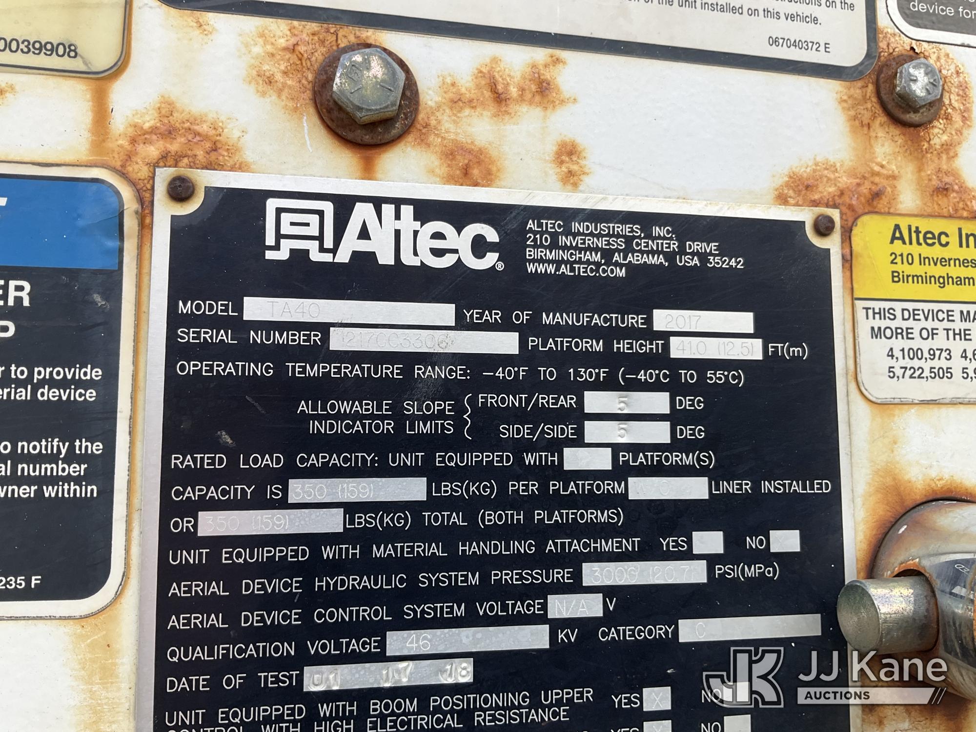 Altec TA40, 46 ft, Articulating & Telescopic Bucket Truck s/n 1217CC3306, with Single-Man Bucket, mounted behind cab on 2018 Freightliner M2 106 Utility Truck, Cummins 6.7L diesel, Auto, A/C, (172,814 miles) (Runs, Moves & Upper Operates) (Reads 11,557 hours) This is a Titled Item*
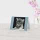 Um adorável gatinho felpudo de um desenho de quadro de riscos. Obrigados a Angels Rescuing Kritters por salvar este pequeno e seus colegas de cama e por proporcionar um futuro brilhante encontrando um lar para sempre para ele. Este cartão tem um fundo azul que corresponde aos olhos do gatinho.
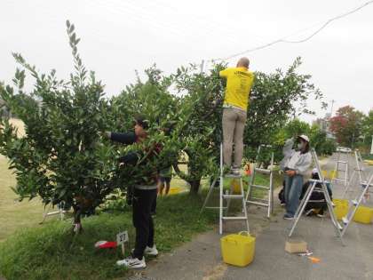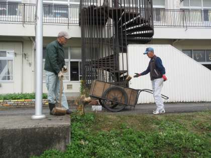 さて、収穫を終えたみかんの木や寿命を迎えたみかんの木がどのようになるのか気にしていたら、校内整備員さんと公務手さんが新しいみかんの木を植える準備をしていました。
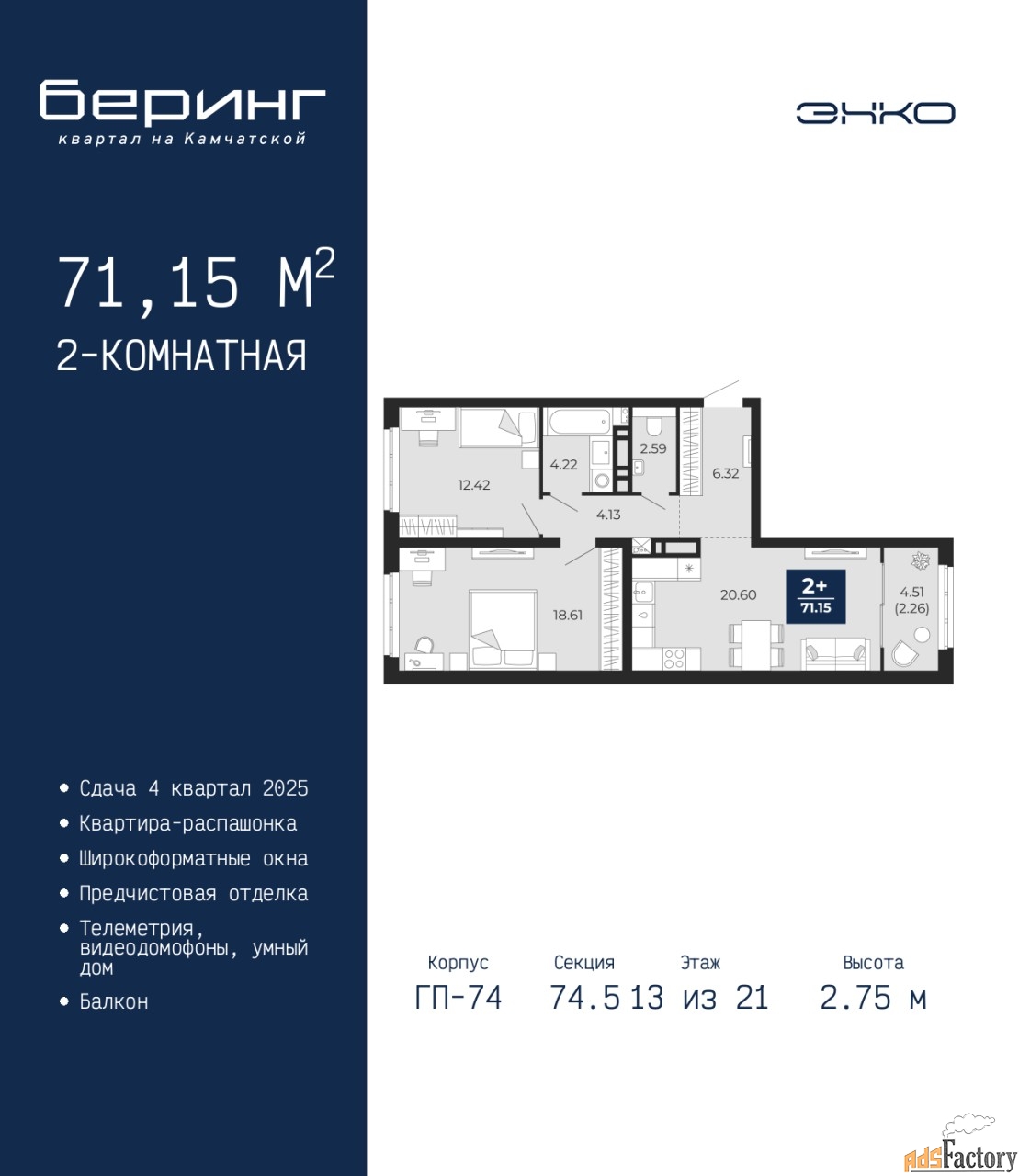 Дом монолитный, многоподъездный, переменной этажности, от 9 до 21 этажей. Квартира находится в 74.5-й секции высотой 21 этаж в корпусе ГП-74. На этаже 7 квартир. В подъезде 1 пассажирский и 1 грузовой лифт. Окончание строительства - 4 квартал 2025 года. Оформление сделки по договору долевого участия.
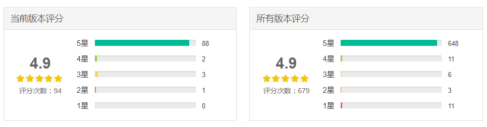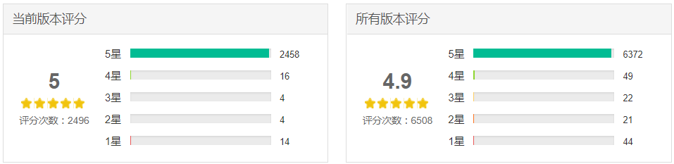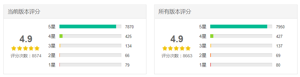 在用户评论方面,伴鱼绘本的用户参与数较高,所有版本评分次数达8663次,其中五星好评接近8000次,这也是APP整体评分高的原因。
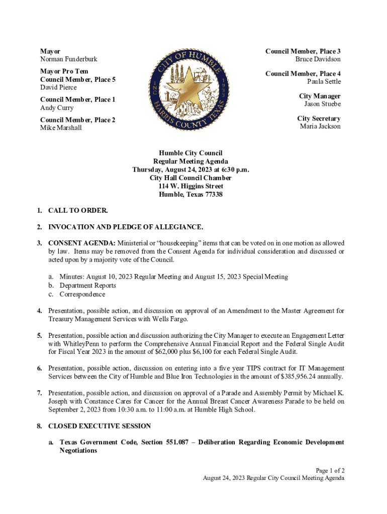 Mayor Norman FunderburkCouncil Member, Place 3 Bruce DavidsonMayor Pro Tem Council Member, Place 5 David PierceCouncil Member, Place 4 Paula Settle City Manager Jason StuebeCouncil Member, Place 1
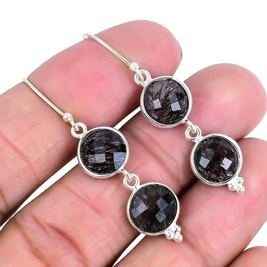 Natural Black Rutile Wife Dangle Drop Handcrafted Boho Earrings 925Ā SolidĀ Silver
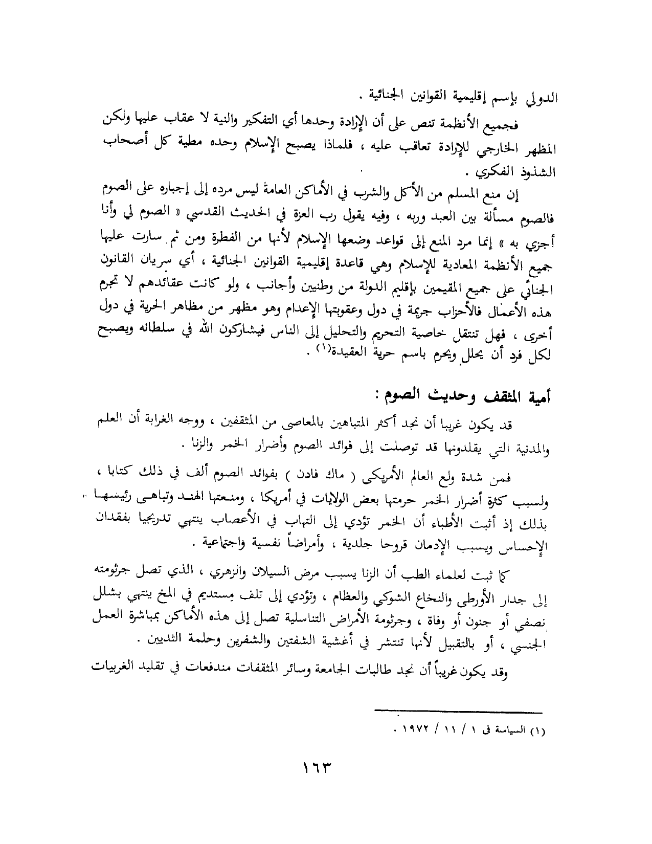 إن منع المسلم من الأكل والشرب في الأماكن العامة ليس مرده إلى إجباره على الصوم فالصوم مسألة بين العبد وربه، وفيه يقول رب العزة في الحديث القدسي: «الصَّوْمُ لِي وَأَنَا أَجْزِي بِهِ». إنما مرد المنع إلى قواعد وضعها الإسلام لأنها من الفطرة ومن ثم سارت عليها جميع الأنظمة المعادية للإسلام وهي قاعدة إقليمية القوانين الجنائية، أي سريان القانون الجنائي على جميع المقيمين بإقليم الدولة من وطنيين وأجانب، ولو كانت عقائدهم لا تجرم هذه الأعمال فالأحزاب جريمة في دول وعقوبتها الإعدام وهو مظهر من مظاهر الحرية في دول أخرى، فهل تنتقل خاصية التحريم والتحليل إلى الناس فيشاركون الله في سلطانه ويصبح لكل فرد أن يحلل ويحرم باسم حرية العقيدة (¬1).
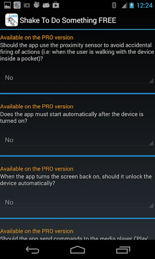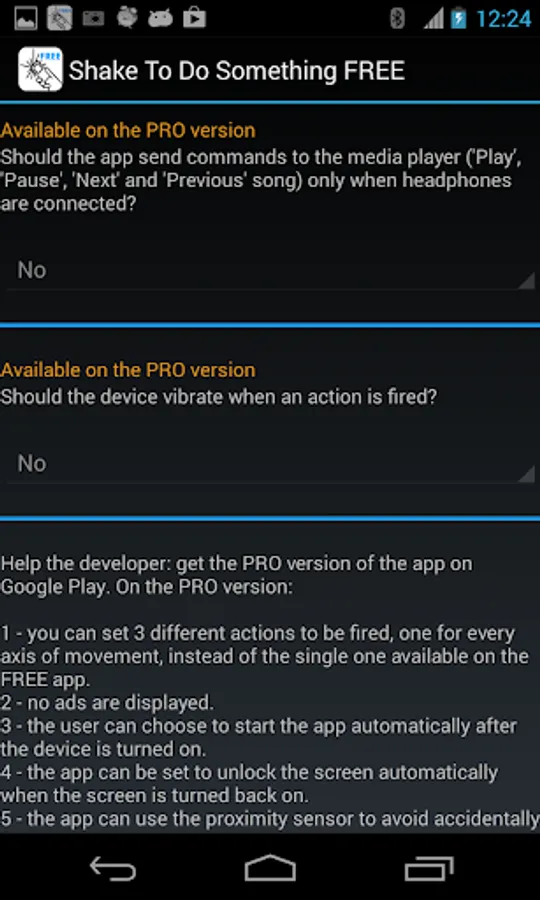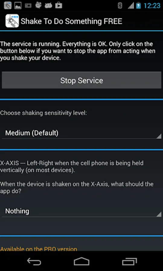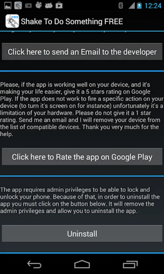 My main focus is on not draining the battery, and it won't. Let it run for a day and then check the app's battery consumption. It should be minimal (as opposed to other "Shake to do something" apps available on Google Play).
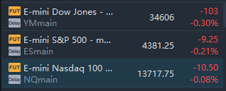 At 7:50 a.m. ET, Dow e-minis were down 103 points, or 0.30%, S&P 500 e-minis were down 9.25 point, or 0.21%, and Nasdaq 100 e-minis were down 10.5 points, or 0.08%.
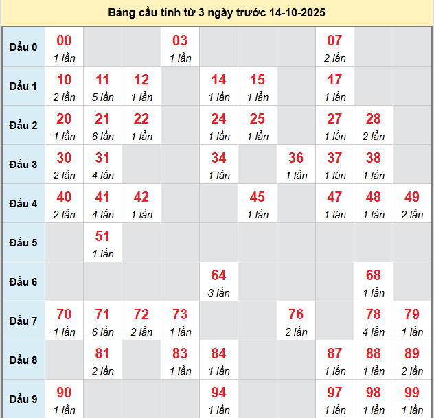 Thống kê cầu hôm nay giúp người chơi có thêm dữ liệu khi phân tích và dự đoán kỳ này được chính xác hơn. Trước khi đến với thống kê, mời các bạn theo dõi lại bảng kết quả kỳ trước để có cái nhìn bao quát hơn về vị trí các con số đã xuất hiện.
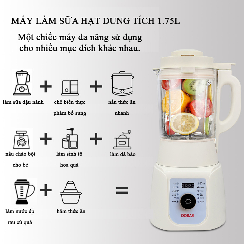 Máy làm sữa hạt mini Dosak dung tích 1.75L dùng cho cả gia đình, máy nấu sữa hạt nấu cháo bột, máy xay sinh tố, làm ấm tự động, hẹn giờ, tự động làm sạch,
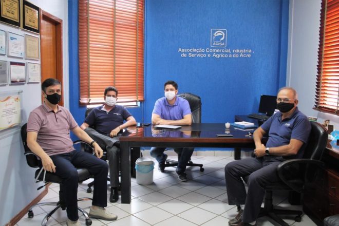 Representares da Associação Comercial (Acisa), da Federação das Indústrias (Fieac), Federação do Comércio (Fecomércio), Federação das Associações Comerciais (Federacre) e do Sebrae, se reuniram na manhã de hoje, 30, com membros da governo do Estado e do Comitê Especial de Acompanhamento da Covid.
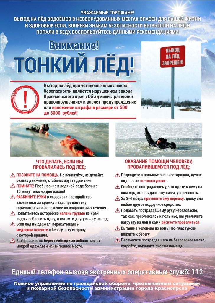 Внимание! Купание в необорудованных местах опасно для жизни и здоровья! Не оставляйте детей у водоёмов без присмотра и не отпускайте их к воде одних! Купание в местах с установленными знаками безопасности на водных объектах «Купаться запрещено!» является нарушением статьи 1.6. Закона Красноярского края от 02.10.2008 № 7-2161 «Об административных правонарушениях» и влечёт предупреждение или наложение административного штрафа на граждан в размере от пятисот до трех тысяч рублей. Номер телефона экстренных служб – 112.

* [WORK TO BE COMPLETED]
Your answer must be everything above from the line with "Mayor Norman FunderburkCouncil" down to the line with "At 7:50 a.m.", word for word, and no pictures.

* [TASK SOLUTION]
 Mayor Norman FunderburkCouncil Member, Place 3 Bruce DavidsonMayor Pro Tem Council Member, Place 5 David PierceCouncil Member, Place 4 Paula Settle City Manager Jason StuebeCouncil Member, Place 1
 Natural Black Rutile Wife Dangle Drop Handcrafted Boho Earrings 925Ā SolidĀ Silver
 إن منع المسلم من الأكل والشرب في الأماكن العامة ليس مرده إلى إجباره على الصوم فالصوم مسألة بين العبد وربه، وفيه يقول رب العزة في الحديث القدسي: «الصَّوْمُ لِي وَأَنَا أَجْزِي بِهِ». إنما مرد المنع إلى قواعد وضعها الإسلام لأنها من الفطرة ومن ثم سارت عليها جميع الأنظمة المعادية للإسلام وهي قاعدة إقليمية القوانين الجنائية، أي سريان القانون الجنائي على جميع المقيمين بإقليم الدولة من وطنيين وأجانب، ولو كانت عقائدهم لا تجرم هذه الأعمال فالأحزاب جريمة في دول وعقوبتها الإعدام وهو مظهر من مظاهر الحرية في دول أخرى، فهل تنتقل خاصية التحريم والتحليل إلى الناس فيشاركون الله في سلطانه ويصبح لكل فرد أن يحلل ويحرم باسم حرية العقيدة (¬1).
 My main focus is on not draining the battery, and it won't. Let it run for a day and then check the app's battery consumption. It should be minimal (as opposed to other "Shake to do something" apps available on Google Play).
 At 7:50 a.m. ET, Dow e-minis were down 103 points, or 0.30%, S&P 500 e-minis were down 9.25 point, or 0.21%, and Nasdaq 100 e-minis were down 10.5 points, or 0.08%.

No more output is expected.